**Your assignment**
In the entries that follow, find the line containing "- Evaluation of" and the line containing "SEKADAU – Penyemprotan", then retype exactly the lines from the first through the second, pictures excluded.

☆ ☆ ☆ ☆ ☆ ☆ ☆

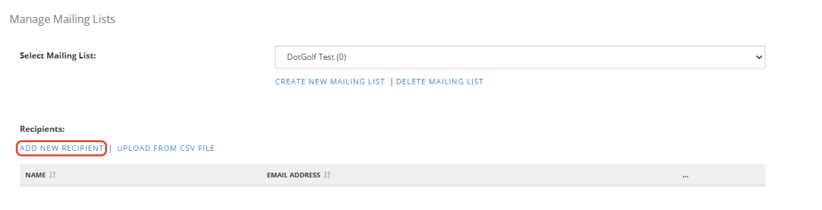 1. Select a Mailing List from the dropdown. Click Add New Recipient.
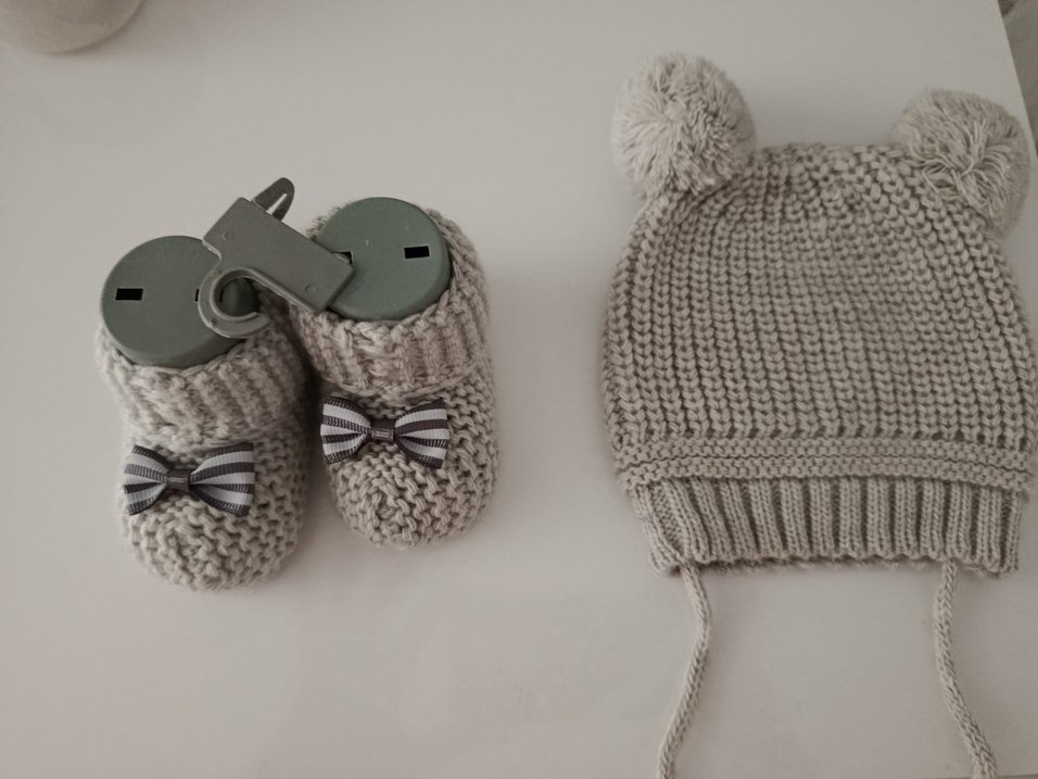 Gri Erkek Bebek Örgü Patik ve Bere Seti
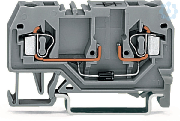 Bauelementklemme. 2 Leiter. mit Diode 1N4007. Anode links. für Tragschiene 35 x 15 und 35 x 7,5. 2,5 mm². CAGE CLAMP®. 2,50 mm². grau
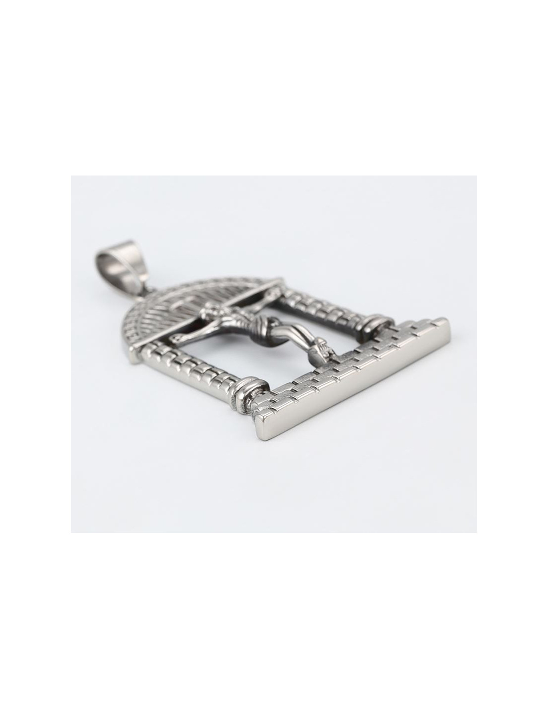 Large Saint Joseph Medal in stainless steel with 18K gold-plated chain - Diameter 44 mm
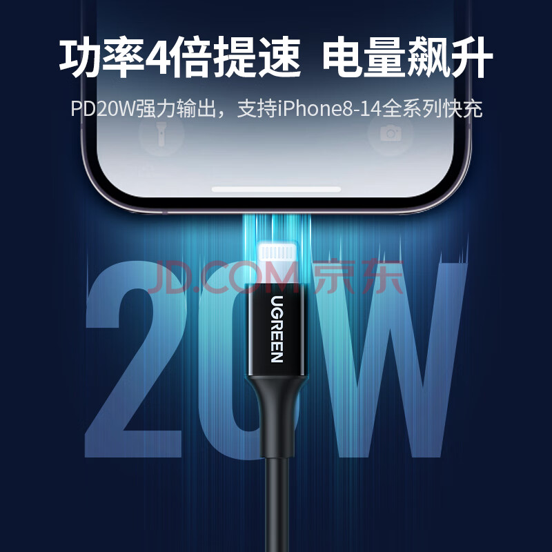 商品相册:绿联【官方MFi认证】适用苹果14/13充电线Type-C数据线PD30/20W快充Lightning接口iPhone手机2米第
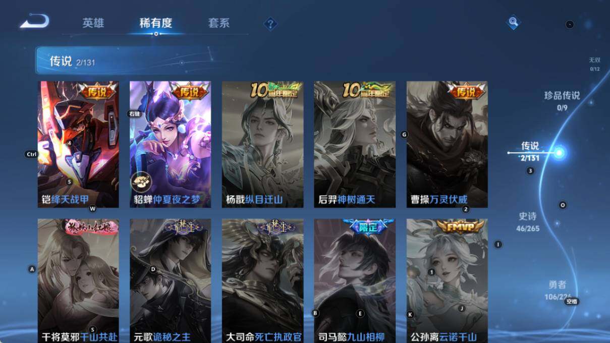 【赛季限定】:白起狰,芈月重明,夏侯惇朔风刀,典韦穷奇,狄仁杰万华元夜,达摩沙漠行僧,老夫子醍醐杖,程咬金演武夺筹,兰陵王金庭之子,张良古海寻踪,牛魔御旌,李元芳云中旅人,虞姬凯尔特女王,钟馗驱傩正仪,鬼谷子原初探秘者,苏烈千军破阵,弈星混沌棋,明世隐疑决卦,裴擒虎擒涛扼浪,狂铁御狮,米莱狄御霄,鲁班大师探海日志,桑启海盐诗旅,鬼谷子天穹祈灯,刘邦剑破天穹
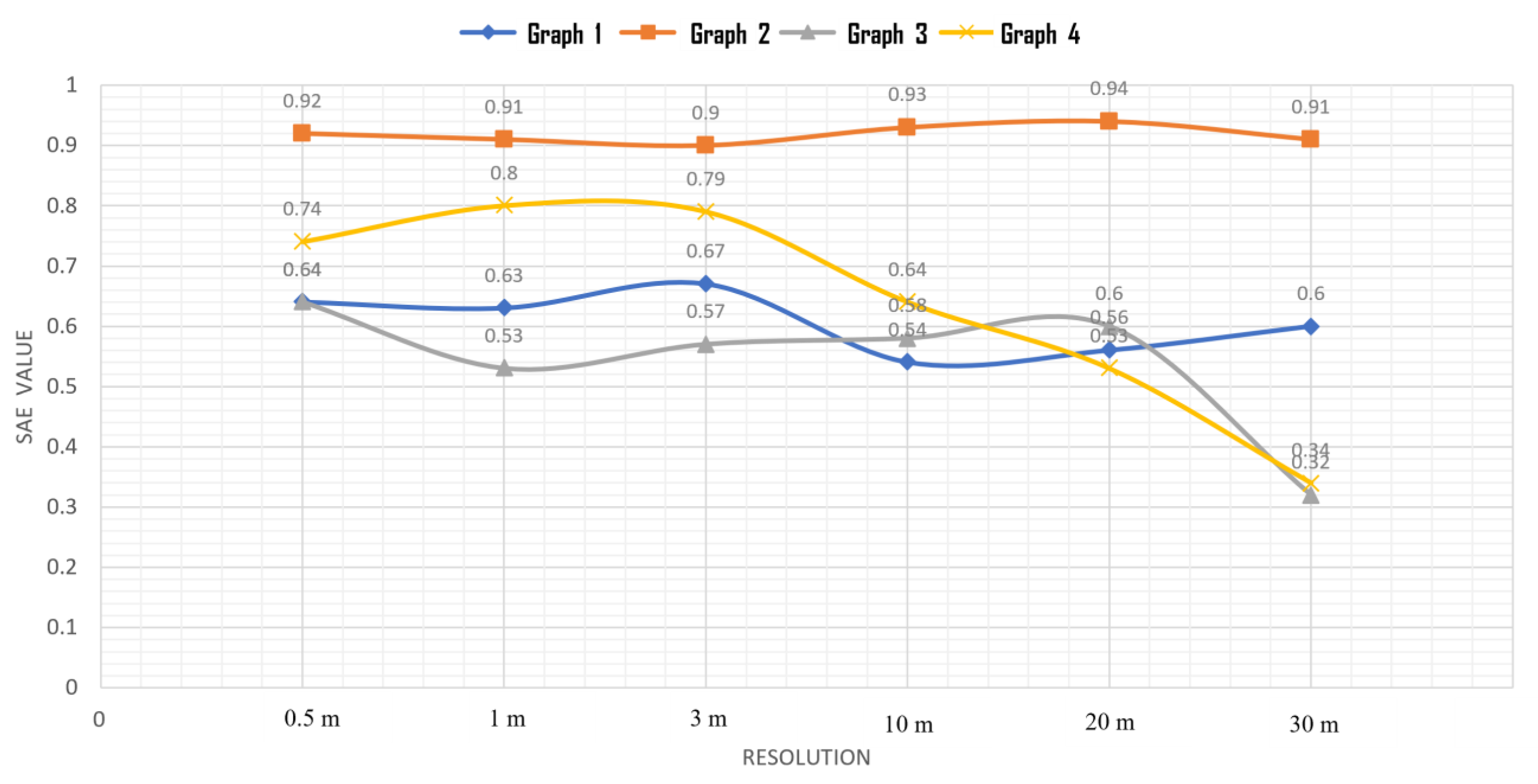 - Evaluation of SAM results for images of different study areas at the same spatial resolution.
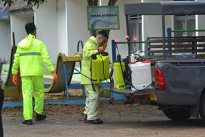 SEKADAU – Penyemprotan disinfektan atau cairan pembasmi virus corona (Covid 19) juga dilakukan tim ...
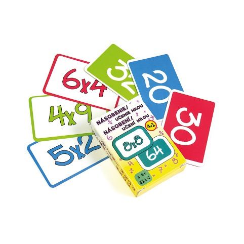 Hrací karty 4v1 - Násobilka. Naučná hra násobení, při které se nejen děti, ale i dospělí skvěle zabaví a také naučí. S těmito kartami můžete hrát až 4 hry, jejichž popis a pravidla jsou v přiloženém lístku v kartách. Hra je vhodná pro děti od 6 let pro Max. 2 hráče. Balíček obsahuje 55 karet.
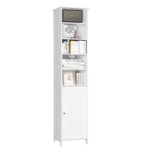 16 in. W x 13.5 in. D x 72 in. H White Freestanding Tall Floor Bathroom Linen Cabinet with Door and Adjustable Shelves
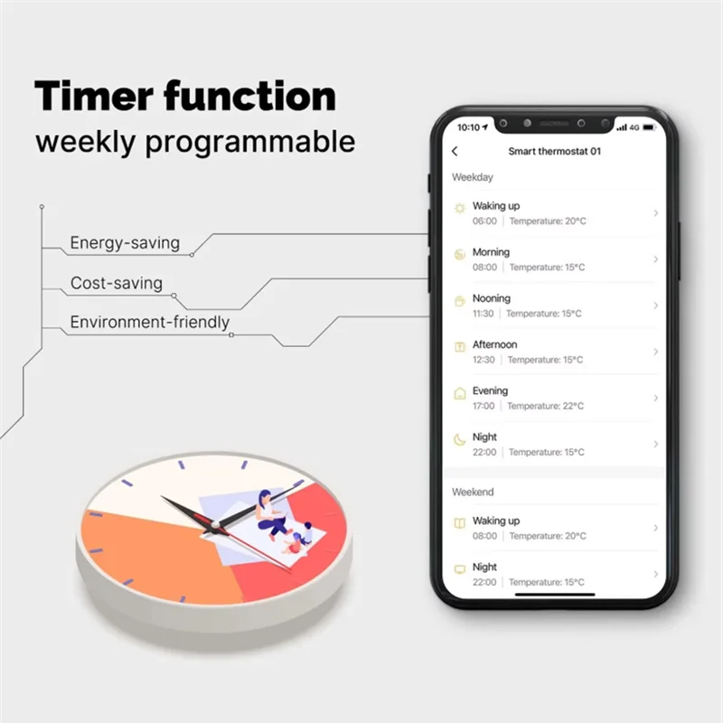 3. Timing function: Set weekly programming according to user needs and habits, automatically adjust the room temperature at a fixed time, and provide a personalized temperature control experience.
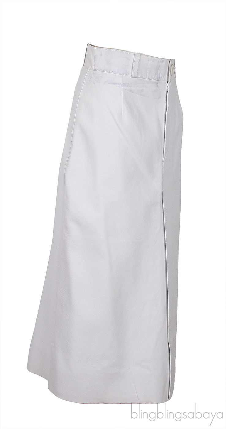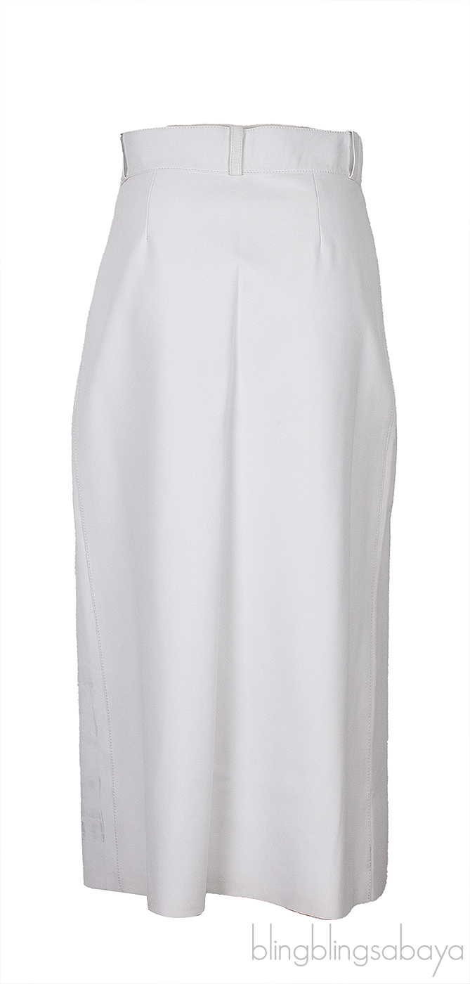 This White Leather Skirt from Balenciaga is crafted from 100% Lambskin leather and 100% Viscose lining in white hue. This skirt features a button and zip fastening at front, belt loops , mid-length and split front

☆ ☆ ☆ ☆ ☆ ☆ ☆

**Result of the task**
 - Evaluation of SAM results for images of different study areas at the same spatial resolution.
 SEKADAU – Penyemprotan disinfektan atau cairan pembasmi virus corona (Covid 19) juga dilakukan tim ...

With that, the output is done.